Принялись мы за работу. Детсадовский плотник соорудил нам леса, которые жутко качались! Садик располагался в очень старом особняке, потолок в ужасном состоянии – аж дранка была видна. Дранка – это набивалась на деревянный потолок щепка деревянная, такие реечки крест-накрест, чтобы раствор прилипал. Вместо арматуры. Дерево и раствор – вещи несовместимые друг с другом. И вот мы потолок поколупали, все посыпалось. Говорим: «Чувак! Это другие деньги!» – «Как другие?!» – «Да ты посмотри сам! Мы, конечно, можем замазать на соплях, но дети попрыгают, и все отвалится!» В общем, мы сошлись на цене и втроем решили работать.

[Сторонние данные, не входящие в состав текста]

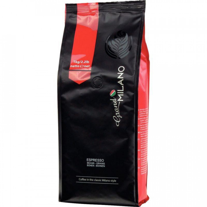 Paquet de 1kg café grain GRAND MILANO . 95% Arabica 5% Robusta. A conserver dans un endroit sec et frais.
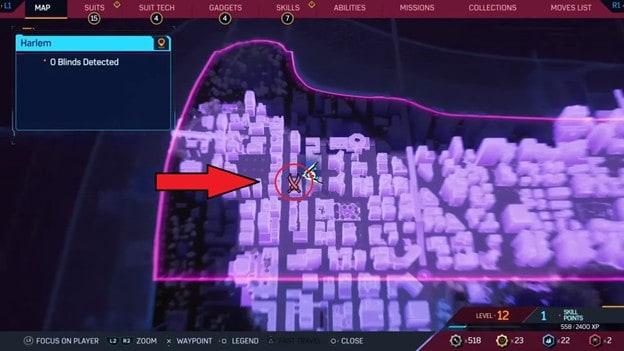 Il secondo rifugio del cacciatore si trova nella parte in alto a sinistra del quartiere di Harlem in Spider-Man 2. Passa alla posizione sulla mappa in alto e inizia a ripulirlo.
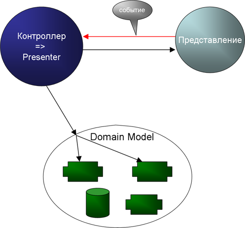 При этом еще в описании оригинального паттерна упоминалось, что выделение отдельного Контроллера не так важно как отделение Представления от Модели и Контроллер вполне может быть интегрирован в Представление, тем более что в классическом варианте MVC логики в Контроллере не очень много, впрочем к этому мы еще вернемся...
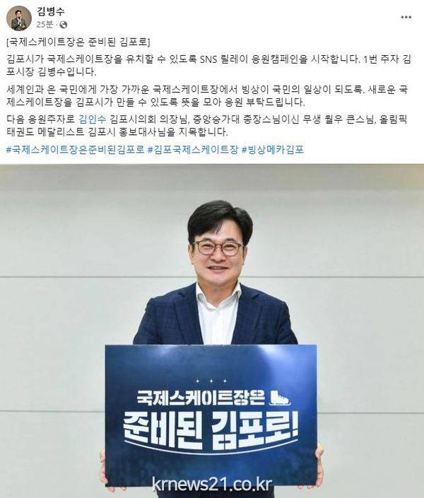 국제스케이트장 유치를 뜨겁게 열망하고 있는 김포시가 「국제스케이트장은 준비된 김포로!’ 전국 SNS캠페인」을 시작한다. 김포시는 세계인뿐 아니라 온 국민이 접근하기 좋은 교통과 지리적 위치를 강점으로, 대한민국 국제스케이트장을 유치해 빙상스포츠 붐을 일으키는데 기여할 각오다. 그 첫발인 「국제스케이트장은 준비된 김포로!’ 전국 SNS캠페인」은 김병수 김포시장을 필두로, 전국의 오피니언리더, 연예인부터 일반국민까지 지목받은 사람이나 자발적 참여자가 국제스케이트장 김포 유치 응원을 기록하고 다음 사람을 지목하는 방식으로 이어질 계획이다.
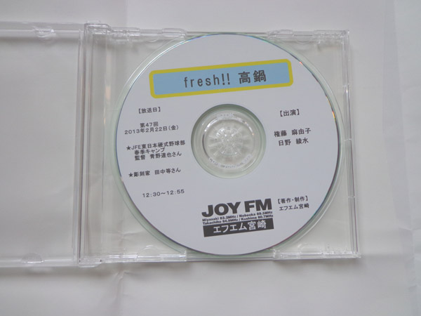 ラジオなので画像がありませんが、午後にパーソナリティ-の日野さんたちが番組を録音したCDを持ってきてくれました。
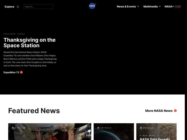 该网站的设计让人有如临太空的感觉,旨在向公众展示NASA的使命、项目、人类在太空的探索、地球与气候的研究、太阳系和宇宙的探索、科学、航空技术以及学习资源等内容。用户可以通过该网站了解NASA的最新新闻、事件、多媒体资料,并参与相关的社交活动和新闻通讯。
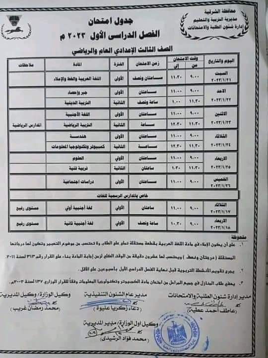 جدول امتحانات الفصل الدراسي الأول 2023 بالشرقية
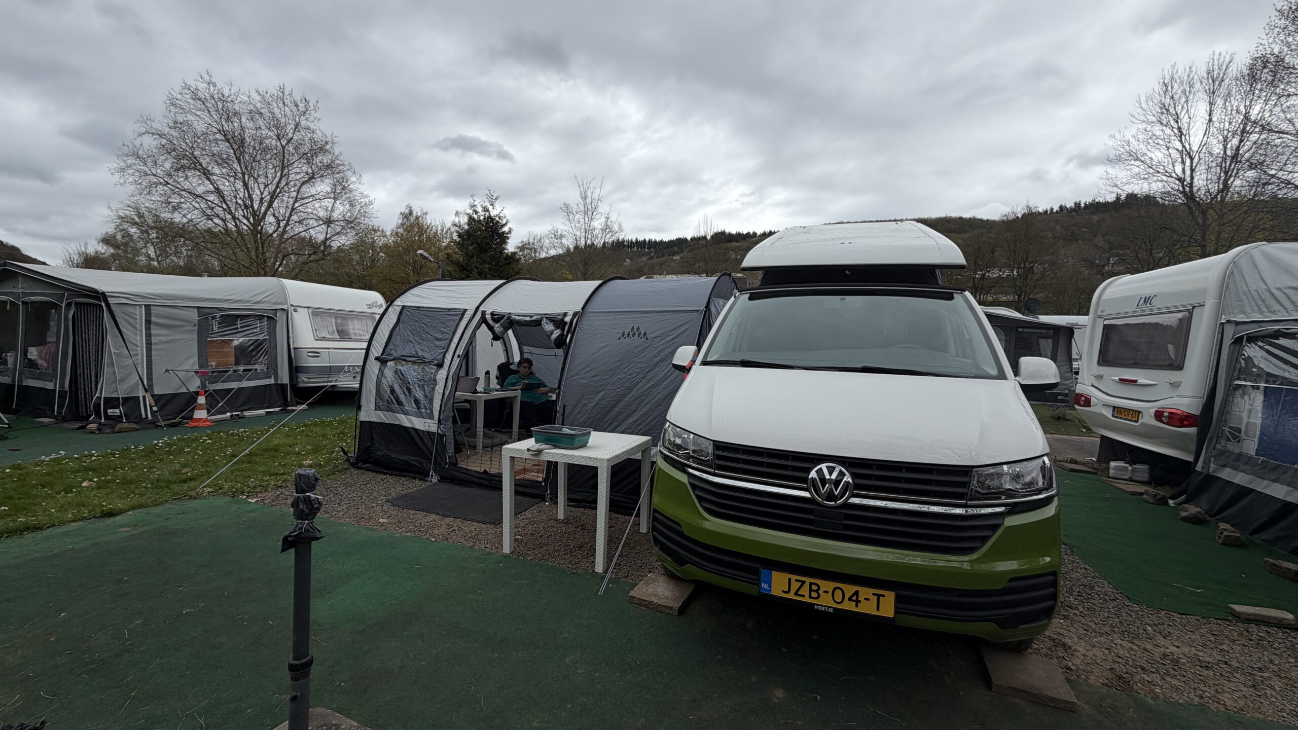 Het begon allemaal met even “snel” neerzetten. Camper erop, beetje schuiven, klaar. Dachten we. Maar ja, dan heb je nog zoiets als een voortent die óók ergens logisch moet staan. En het liefst zo dat je nog een beetje normaal in en uit kunt rijden. Dat is op onze plek sowieso al een uitdaging, want ruimte… tja, laten we zeggen dat het geen voetbalveld is.
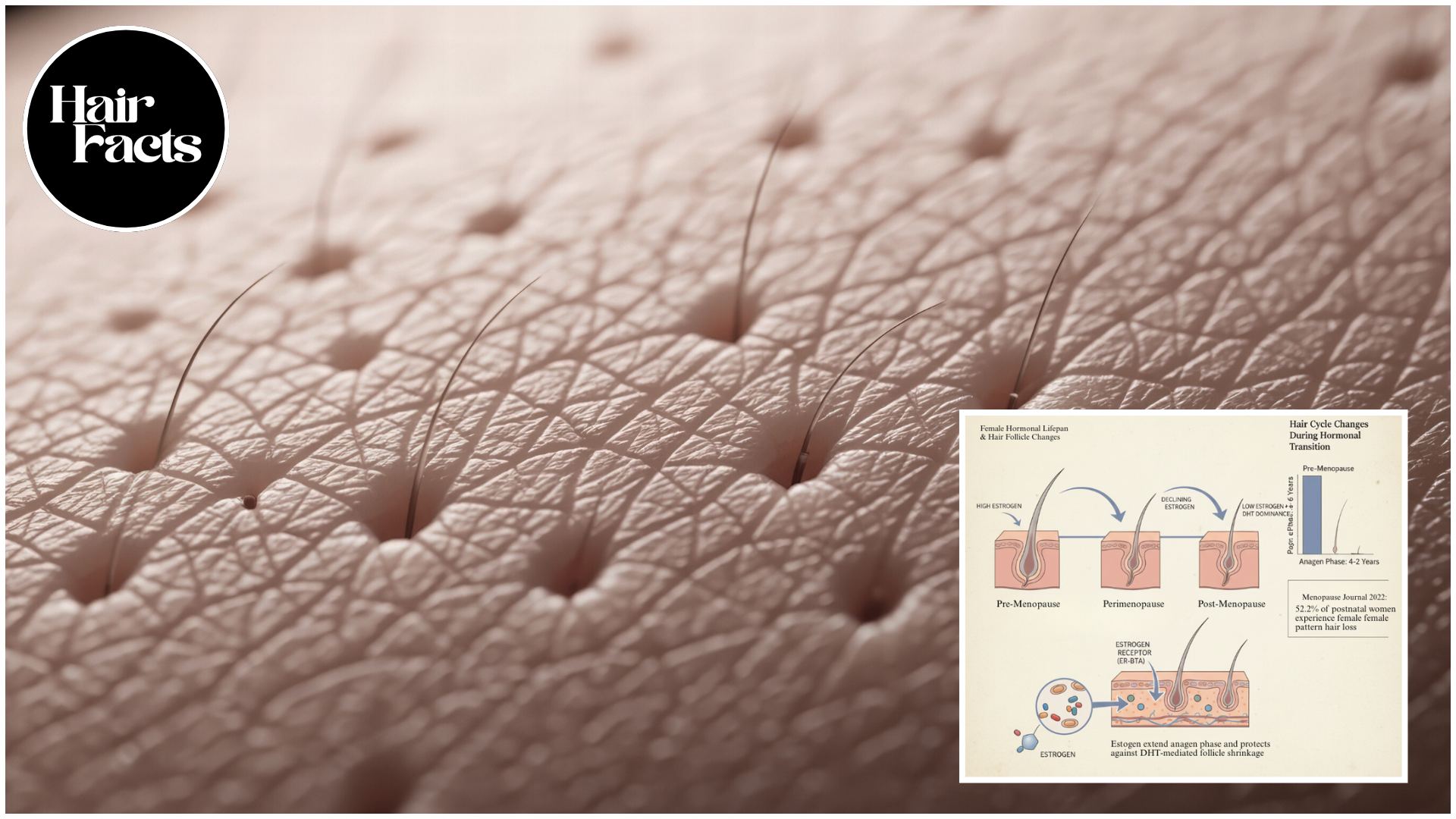 A 2022 study in the journal Menopause found that 52.2% of postmenopausal women develop female pattern hair loss. That's more than half. And the study noted that 60% of affected women had low self-esteem because of their hair loss.

Приходили утром. Первая наша настоящая работа! И весь особняк – наш! Валера сразу сказал: «Надо сюда девчонок водить!» – «Валера, где мы их найдем?!» – «Найдем! Вася, у тебя есть девчонки?» Вася очень веселым человеком был. И мы начали работать над потолком. Уже и гвозди прибивали, арматура была старая, и алебастр туда засовывали, все что можно – все сваливалось на хрен. Уже отчаялись и не рады были, что взялись! На хрена надо, сейчас бы купались, тусили! Короче, решили набить беспорядочно в потолок гвоздей и опутать проволокой, чтоб с нее раствор не падал. Развели мел, банку залили в пульверизатор, но не идет – все забилось. Продуваем. Без толку! Надо цедить. Мел‐то природный, с кусочками, не как мука. Достали марлю. Валера говорит: «Марля тоже много пропускает. Нужны чулки. И где будем брать?» Мы – к мамам: «Мамы! Дайте чулок!» Мы набрали чулок. Очень много их понадобилось. Белим, белим, одним слоем мало – видны пятна штукатурки. Мы полностью были белые: волосы, одежда, лицо. Как в мультике, когда волк из «Ну, погоди!» бегал по музею. Вот мы такими были…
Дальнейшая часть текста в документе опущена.